== Supplied data ==
*** Begin section ***

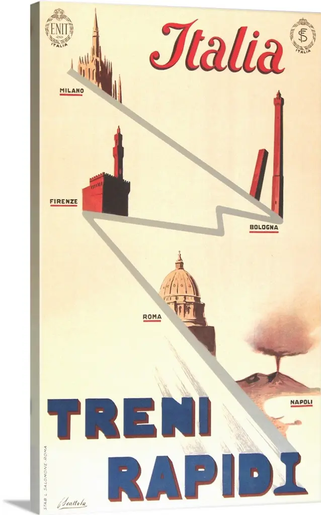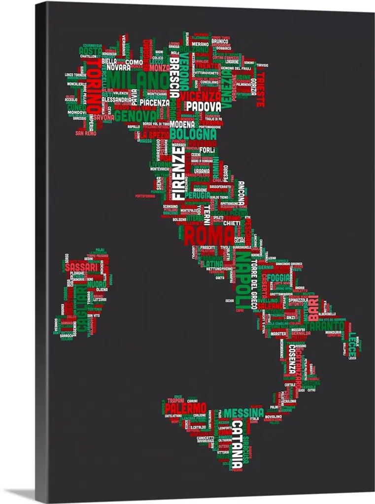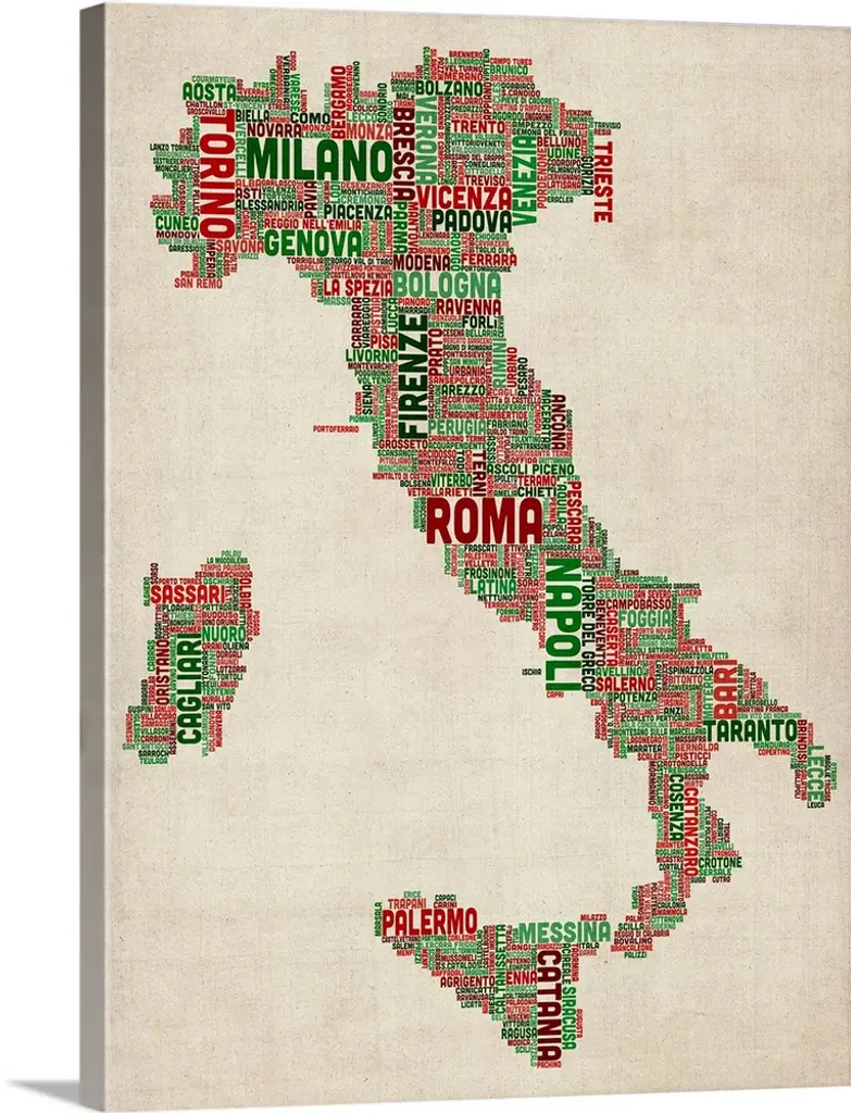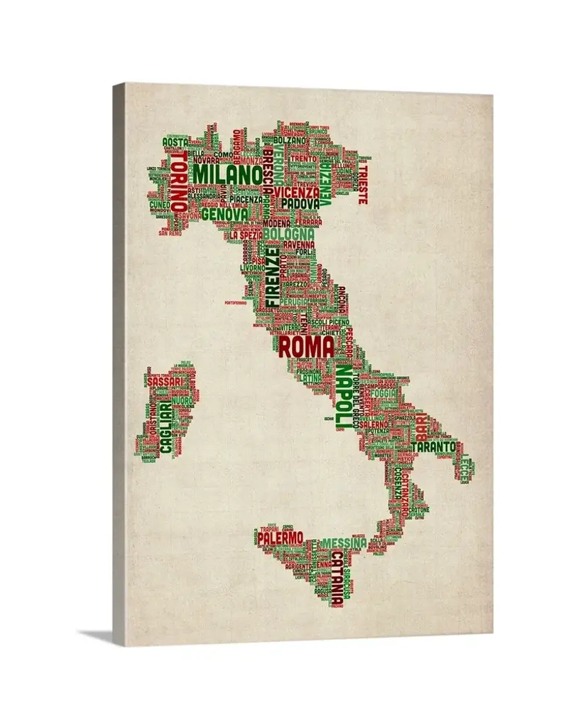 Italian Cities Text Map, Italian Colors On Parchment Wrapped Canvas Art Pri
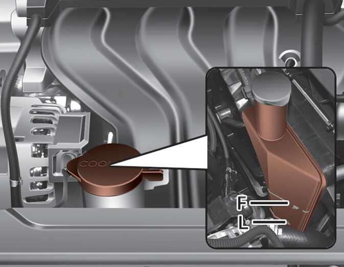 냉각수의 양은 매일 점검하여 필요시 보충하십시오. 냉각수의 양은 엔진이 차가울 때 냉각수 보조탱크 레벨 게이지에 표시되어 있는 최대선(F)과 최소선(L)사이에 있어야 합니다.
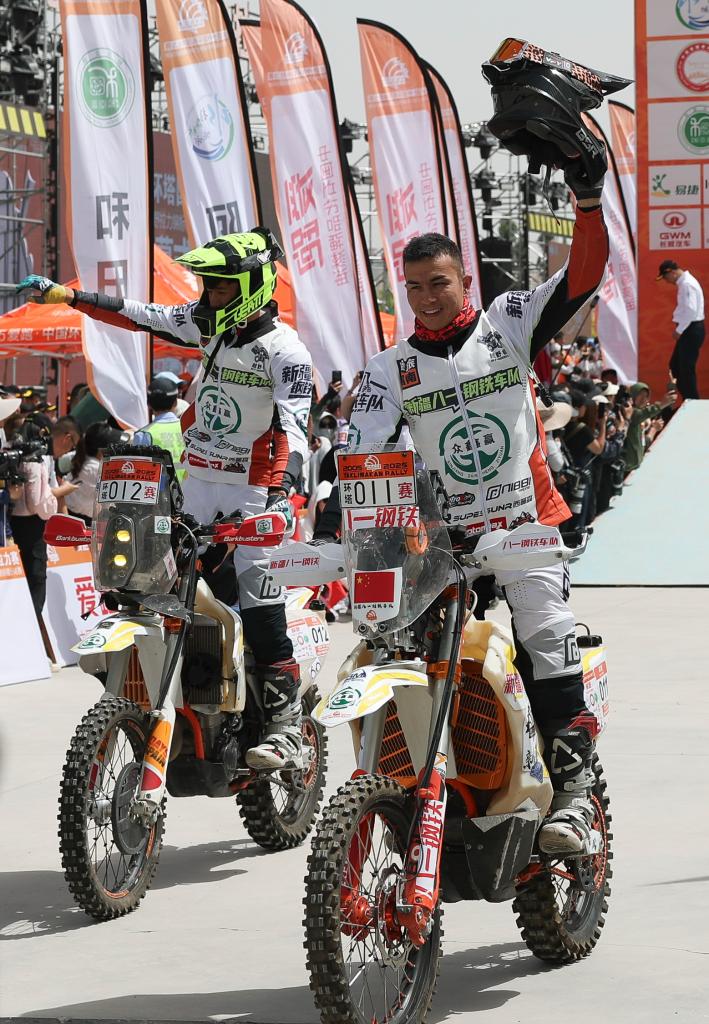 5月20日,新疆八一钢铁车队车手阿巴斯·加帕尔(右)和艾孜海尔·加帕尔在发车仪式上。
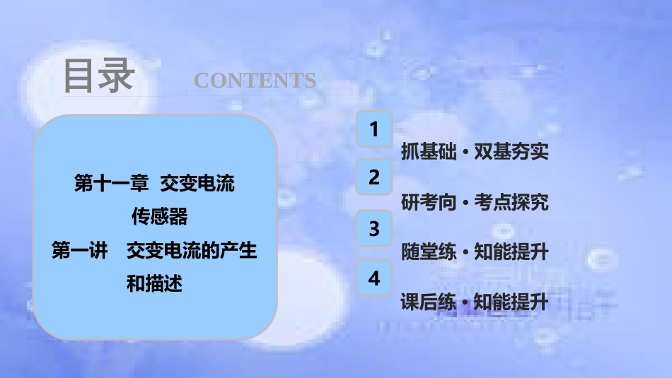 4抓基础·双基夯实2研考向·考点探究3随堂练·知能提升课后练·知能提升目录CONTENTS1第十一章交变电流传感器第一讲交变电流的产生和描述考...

*** End section ***

== Work to be completed ==
The output should be the material above, copied exactly, without its pictures.

== Written solution ==
 Italian Cities Text Map, Italian Colors On Parchment Wrapped Canvas Art Pri
 냉각수의 양은 매일 점검하여 필요시 보충하십시오. 냉각수의 양은 엔진이 차가울 때 냉각수 보조탱크 레벨 게이지에 표시되어 있는 최대선(F)과 최소선(L)사이에 있어야 합니다.
 5月20日,新疆八一钢铁车队车手阿巴斯·加帕尔(右)和艾孜海尔·加帕尔在发车仪式上。
 4抓基础·双基夯实2研考向·考点探究3随堂练·知能提升课后练·知能提升目录CONTENTS1第十一章交变电流传感器第一讲交变电流的产生和描述考...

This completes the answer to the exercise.